** THE DATA follows **
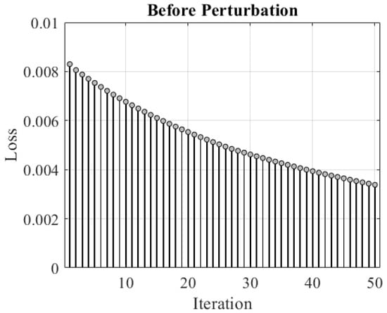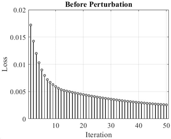 Figure 5 and Figure 6 show the training loss as a function of iteration numbers for two scenarios, namely, without and with perturbation. In both scenarios, the training loss approximately converged to a loss value of 0.0028 after 500 iterations, confirming the robustness of an AGCN model to feature perturbation.
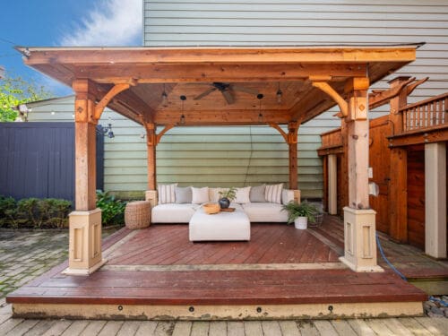 A private courtyard links the main house and the coach house, creating an inviting outdoor transition between the spaces. Beyond the coach house sits a four-car garage that provides abundant parking and endless possibilities—ideal as a workshop, gym, or hobbyist’s haven. For those with vision, the property also allows for the construction of approximately a 1,700-square-foot laneway home, adding incredible value and versatility.
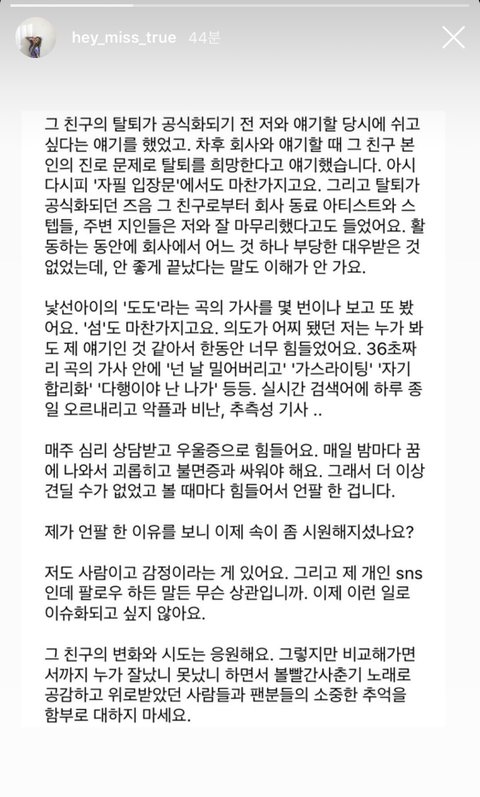 자세한 내막은 탈퇴한 본인만 알겠지만, 글보니 당사자도 모르는걸로 봐서 앞에선 좋게 마무리 하고 뒤에서는 혼자 열등감이 있었던게 아닐까싶음. 오랜친구면서 동료인데 스포트라이트를 받는 사람이 너무 명확하게 정해져있으니까. 안지영 입장에선 나한테도, 스텝들한테도 싫은소리없이 서로 응원해주며 마침표를 잘 찍었다고 생각했는데 솔로앨범곡의 가사를 보고 뒷통수 맞았다 생각했겠지. 나같아도 언짢았을거 같은데
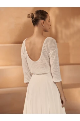 Der Hochzeitsstrickpullover E-435 lässt sich mit verschiedenen Brautkleidern, Röcken oder Hosen kombinieren und so einen einzigartigen und unvergesslichen Look schaffen. Es spielt keine Rolle, ob Sie eine Zeremonie im Freien oder in einem eleganten Saal planen; dieses Modell ist das ideale Accessoire, das Ihr Brautkleid ergänzt und betont.
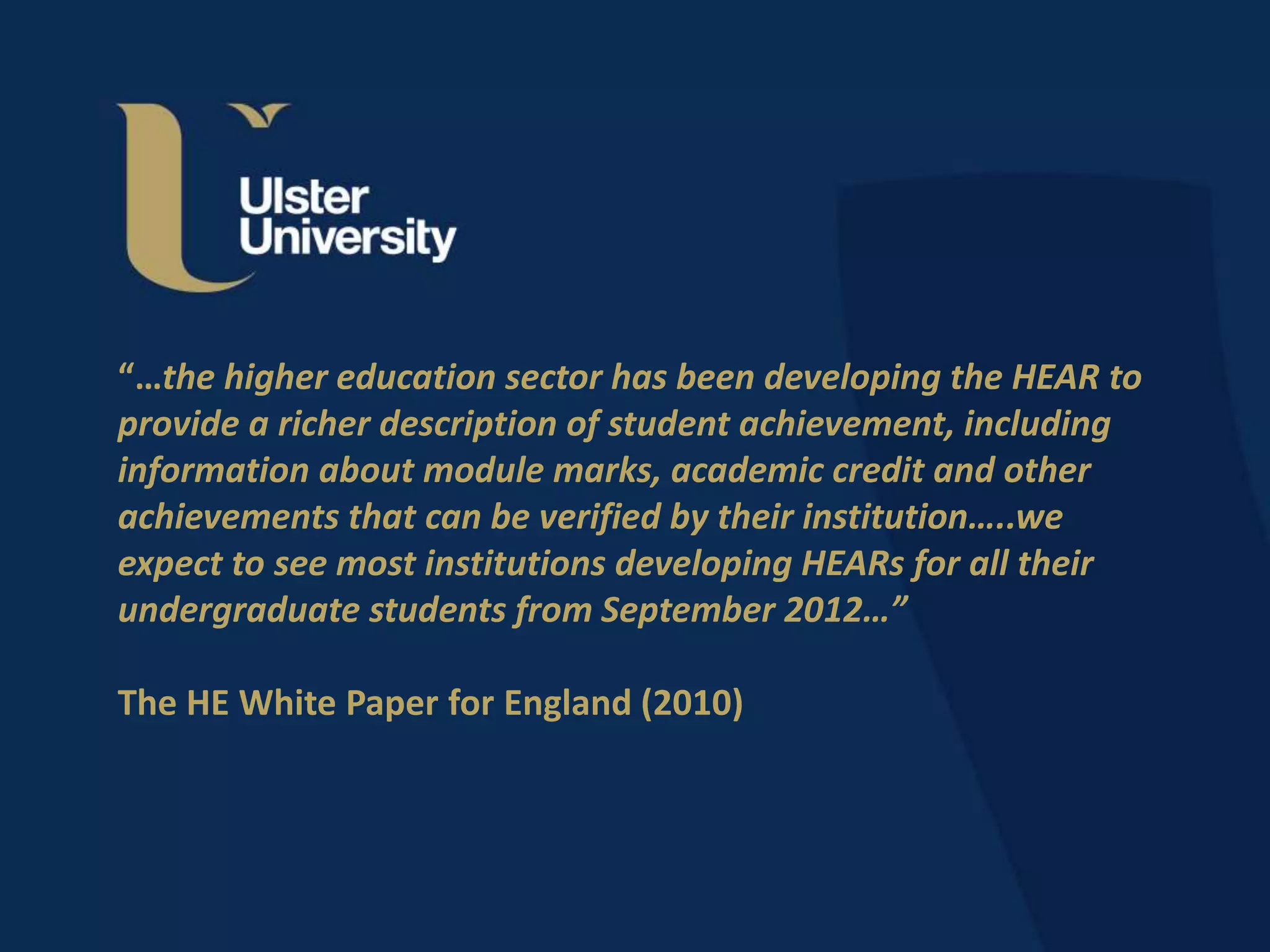 The document discusses the development of the Higher Education Achievement Report (HEAR) at Ulster University. It provides background on the HEAR, which comprehensively documents student achievements both inside and outside the formal curriculum. Ulster has been working to implement the HEAR, starting with a basic system utilizing existing data and expanding to an external platform to issue HEARs to 2015 graduates. Moving forward, challenges include ongoing maintenance, verification processes, inclusion of additional achievement types, and scaling the HEAR to cover all students.
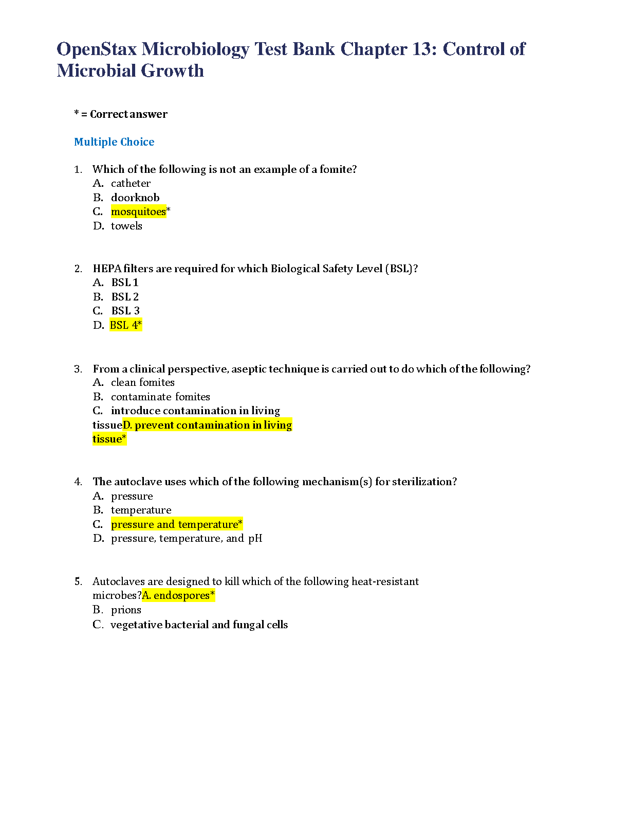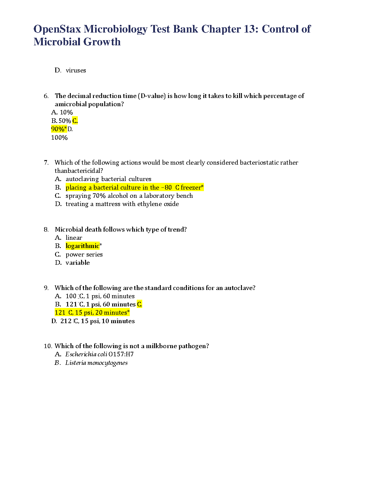 Test Bank for OpenStax Microbiology 1st Edition by Nina Parker, Mark Schneegurt, Anh-Hue Thi Tu, Philip Lister, Brian M. Forster - Chapter 13: Control of Microbial Growth (2025/2026 Exam Prep)
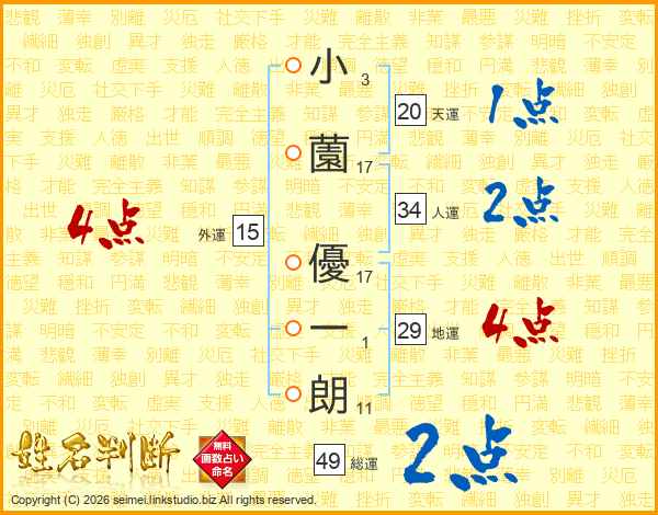 小薗優一朗さんの総運は49画の2点!
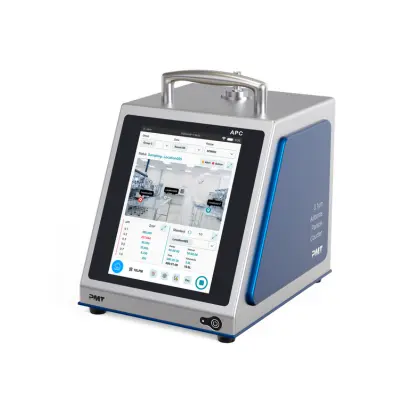 The PMT® 0.1 µm Airborne Particle Counter A010 is a portable, high-performance device for continuous air quality monitoring in cleanrooms and sensitive environments, capable of detecting particles as small as 0.1 µm and compliant with ISO and Fed-Std standards.
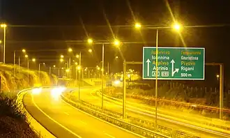 - ^ Ministerial Decision G25871/1963 (FEK B' 319/23.7.1963, pp. 2500–2501). Ministerial Decision DOY/oik/5776/2015 (FEK AAP' 253/21.12.2015, pp. 2101–2102). "Μητρώο Εθνικών Οδών" [Register of National Roads] (PDF) (in Greek). Athens: Hellenic Statistical Authority. 1998. p. 14. Archived from the original (PDF) on 8 June 2019. Retrieved 30 August 2024.
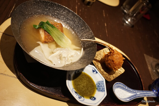 肉料理は、宮地豚。こちらは、スッポンベースに干しエビや干し貝柱で取ったスープに水餃子も入っている。
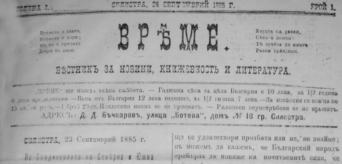 През септември 1885 г., преди точно 140 години, в Силистра се ражда местната преса. На 24 септември излиза първият брой на вестник "Време", определен като първото печатно издание в Крайдунавска Добруджа, посветено на "новини, книжовност и литература".
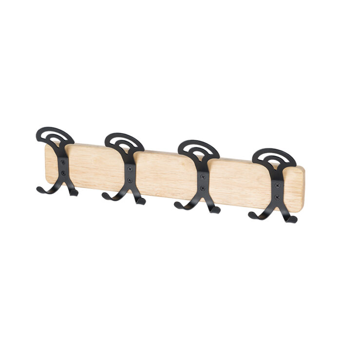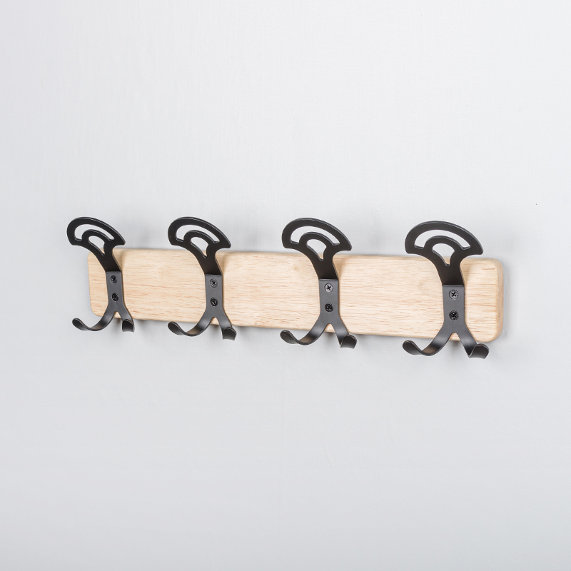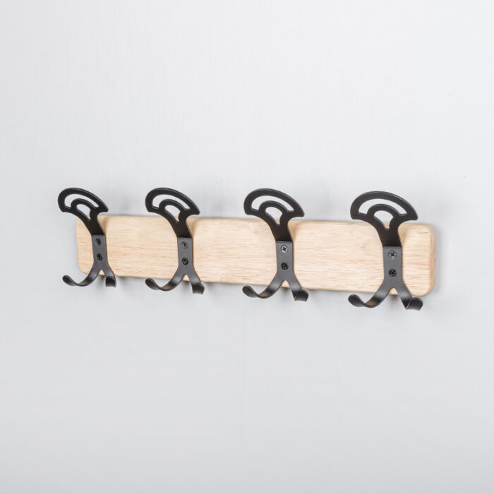 Wood and Metal Coat and Hat Hooks, 4 Hooks, Wall Mounted, H536
** End of THE DATA **
Everything from the first line of the listing above through the line that contains "자세한 내막은 탈퇴한" is to be restated word for word, minus the pictures.

## TASK ANSWER
 Figure 5 and Figure 6 show the training loss as a function of iteration numbers for two scenarios, namely, without and with perturbation. In both scenarios, the training loss approximately converged to a loss value of 0.0028 after 500 iterations, confirming the robustness of an AGCN model to feature perturbation.
 A private courtyard links the main house and the coach house, creating an inviting outdoor transition between the spaces. Beyond the coach house sits a four-car garage that provides abundant parking and endless possibilities—ideal as a workshop, gym, or hobbyist’s haven. For those with vision, the property also allows for the construction of approximately a 1,700-square-foot laneway home, adding incredible value and versatility.
 자세한 내막은 탈퇴한 본인만 알겠지만, 글보니 당사자도 모르는걸로 봐서 앞에선 좋게 마무리 하고 뒤에서는 혼자 열등감이 있었던게 아닐까싶음. 오랜친구면서 동료인데 스포트라이트를 받는 사람이 너무 명확하게 정해져있으니까. 안지영 입장에선 나한테도, 스텝들한테도 싫은소리없이 서로 응원해주며 마침표를 잘 찍었다고 생각했는데 솔로앨범곡의 가사를 보고 뒷통수 맞았다 생각했겠지. 나같아도 언짢았을거 같은데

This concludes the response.